夏休みの宿題を文化猫に持ち込んで休憩時間に取り組んでいると、隣でミルクティーを飲用している大山さんがわざと間違った答えを教えてきて、丸つけ中に気付いた時には仕事場に戻っていた。
「夏休み、終わっちゃうねえ」
花火大会が開催された時、僕達は店で遠目から見える閃光を浴びていた。

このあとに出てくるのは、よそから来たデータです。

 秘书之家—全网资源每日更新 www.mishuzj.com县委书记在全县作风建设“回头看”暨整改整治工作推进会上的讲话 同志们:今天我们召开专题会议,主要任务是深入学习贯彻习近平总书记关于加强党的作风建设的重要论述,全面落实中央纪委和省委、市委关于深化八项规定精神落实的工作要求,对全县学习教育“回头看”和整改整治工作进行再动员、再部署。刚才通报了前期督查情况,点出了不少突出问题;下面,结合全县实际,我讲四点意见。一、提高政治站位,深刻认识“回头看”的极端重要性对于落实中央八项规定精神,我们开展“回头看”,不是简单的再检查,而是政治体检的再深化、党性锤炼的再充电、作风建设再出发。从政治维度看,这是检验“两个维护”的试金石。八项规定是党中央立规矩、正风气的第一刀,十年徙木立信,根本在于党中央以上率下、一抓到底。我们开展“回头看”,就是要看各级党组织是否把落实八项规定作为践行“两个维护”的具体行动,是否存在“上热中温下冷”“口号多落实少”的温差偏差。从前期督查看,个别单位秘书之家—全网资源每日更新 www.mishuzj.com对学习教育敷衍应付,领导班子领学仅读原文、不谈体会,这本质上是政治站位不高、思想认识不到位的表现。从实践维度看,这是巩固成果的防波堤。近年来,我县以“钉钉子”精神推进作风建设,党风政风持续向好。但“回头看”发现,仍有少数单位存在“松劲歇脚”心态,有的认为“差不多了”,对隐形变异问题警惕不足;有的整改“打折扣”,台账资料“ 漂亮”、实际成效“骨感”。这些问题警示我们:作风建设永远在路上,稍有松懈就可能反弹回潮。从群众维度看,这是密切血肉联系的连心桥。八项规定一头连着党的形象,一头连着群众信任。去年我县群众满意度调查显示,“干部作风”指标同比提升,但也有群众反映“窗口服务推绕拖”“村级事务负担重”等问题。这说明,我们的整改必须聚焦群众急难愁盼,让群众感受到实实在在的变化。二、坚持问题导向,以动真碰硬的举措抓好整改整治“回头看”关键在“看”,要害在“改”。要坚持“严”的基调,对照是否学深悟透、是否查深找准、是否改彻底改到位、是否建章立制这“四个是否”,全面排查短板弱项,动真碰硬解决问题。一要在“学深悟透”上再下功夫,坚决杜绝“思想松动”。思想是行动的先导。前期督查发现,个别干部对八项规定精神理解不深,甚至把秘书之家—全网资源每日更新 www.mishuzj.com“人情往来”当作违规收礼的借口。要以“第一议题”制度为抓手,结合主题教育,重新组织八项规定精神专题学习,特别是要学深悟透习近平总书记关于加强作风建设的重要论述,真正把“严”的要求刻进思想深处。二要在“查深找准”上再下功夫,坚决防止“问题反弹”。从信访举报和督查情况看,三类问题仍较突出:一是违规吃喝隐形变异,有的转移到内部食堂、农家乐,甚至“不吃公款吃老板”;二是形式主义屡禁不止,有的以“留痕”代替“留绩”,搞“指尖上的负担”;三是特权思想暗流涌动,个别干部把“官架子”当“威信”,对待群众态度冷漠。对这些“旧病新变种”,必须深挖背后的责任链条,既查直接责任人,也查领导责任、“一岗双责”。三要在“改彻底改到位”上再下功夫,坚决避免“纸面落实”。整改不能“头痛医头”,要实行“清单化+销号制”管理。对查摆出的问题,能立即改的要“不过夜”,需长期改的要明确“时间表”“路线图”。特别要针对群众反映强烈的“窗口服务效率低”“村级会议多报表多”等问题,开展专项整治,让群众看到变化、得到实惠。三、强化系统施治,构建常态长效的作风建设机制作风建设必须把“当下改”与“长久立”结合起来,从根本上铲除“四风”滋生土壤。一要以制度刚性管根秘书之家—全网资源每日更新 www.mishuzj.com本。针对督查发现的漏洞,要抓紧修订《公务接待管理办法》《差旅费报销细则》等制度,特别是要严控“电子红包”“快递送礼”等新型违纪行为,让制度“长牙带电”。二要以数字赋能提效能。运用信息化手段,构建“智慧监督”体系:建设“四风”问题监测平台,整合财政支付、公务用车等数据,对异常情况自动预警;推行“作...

猫達が驚かない様にケージに隠して、微かに聞こえてくる音に耳を澄ませながら。
「まだ成功してないんで働きますけどね」
「……別にこのままでもいいんだけどなあ」
「なんか言いましたか?」
「可哀想って言ったんだよ」
哀れみの目を向けてくるが、実は少しずつ猫と足並みが揃っている様な感覚はあった。パーソナルスペースの許容範囲が狭くなり、触れられないにしても確実に以前より距離は近付いていた。
この店を辞める時も近いかなとその時は思っていたが、猫を撫でられる千載一遇のチャンスがやって来たのは二ヶ月と三週間後の、街路樹の葉の先端が紅葉を始める時分の頃だった。
その日の仕事を終え帰路に着こうとドアを開けた時、薄暗闇の向こう側の生垣で何かが蠢いているのを見つけた。じっと観察してみると、猫の背中が少しだけ出てきて、そのまま近付けば捕まえられそうだった。
足音と呼吸を殺して、一歩ずつ確実に。
目が暗闇に慣れてくると、その背中が見覚えのある、あの日触りたかった三毛猫だと気付いた。吐息に白が混ざり、喉が震える。
「あっ……」
腕を伸ばせば届く距離になった時に何故か頭の中で考えたのは、明後日の餌やりの事と大山さんの顔だった。居心地が良くて、ずっとこのままが良いななんて、そんな馬鹿みたいな事を思ってしまった。